Tenho recebido muitos pacientes em meu consultório com uma demanda muito específica: carência. Sempre em um discurso muito pautado na culpa externa, que não o implica a agir: “não fui amado o suficiente pelos meus pais, não tive uma figura de pai ou uma mãe representativa, marcante e, por esse motivo, costumo projetar essa emoção disfuncional em meus relacionamentos. Por esse motivo, não dão certo…”

Muitas vezes exige da minha parte, enquanto psicólogo, uma grande desconstrução, de modo a promover outra reflexão acerca deste vivido, uma vez que esse mesmo interlocutor passou praticamente toda a existência se apoiando nesta fala, que até aquele momento, fez sentido, foi coerente, justificada pela questão causa-efeito.

Confesso de que esta “deficiência” é uma situação plausível de se debruçar, mas permanecer nela, pode ser um grande erro, principalmente nos casos em que a vida não nos possibilitou uma escolha, como: falecimento, abandono ou mesmo ausência desta figura.

O que fazer com as pessoas que nem tiveram essas referências tão importantes? Estão fadadas ao modus operandi de ser carente ad eternum? Claro que não! Convicto que esta condição nos inebria e nos impede que prossigamos, enxerguemos novas possibilidades, indico que uma saída é sermos abertura a outros modos de pensar, como, por exemplo: não tive uma referência paterna ou materna, mas, em contrapartida, tive um tio, tia, avô, avó… que pôde representar esse papel imprescindível na minha vida. Se não encontremos neste vivido, ainda podemos desdobrar para outras pessoas tão significativas quanto. Certamente encontraremos…

Por que digo isso? Temos uma tendência confortável de culpar o nosso entorno por questões que nos atravessam constantemente, não precisamos, talvez, de grandes elaborações psicanalíticas de modo a encontrar subsídios para justificar esses sentimentos que permeiam a nossa existência.

É preciso assumir essa limitação vitimista com protagonismo, jogando fora as muletas que te fizeram chegar até aqui e aceitá-la com tomada de consciência de quem você é, do que faz da sua vida, e suas relações interpessoais aqui, neste momento, neste contexto histórico.
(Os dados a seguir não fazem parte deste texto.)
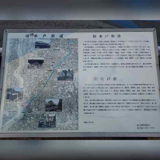 寺院の前を通ります。旧水戸街道の案内板があります。

Faz-se necessário aceitar que o chamamento para esta condição limitante tem o mesmo sentido de transcender-se, compreender a condição dada que hoje é sua limitação: a carência.

Faz sentido, também, entender que nunca saberemos tudo sobre a nossa existência, que qualquer ideia que tenhamos sobre o outro e sobre nós mesmos é apenas isto: uma ideia que nunca traduzirá a totalidade. Qualquer explicação será apenas isto: uma imagem ou um fato, que poderão ser ressignificados a partir do momento que nos propusermos a assumir as nossas limitações não como justificativas, mas como entendimento responsável de nossas escolhas.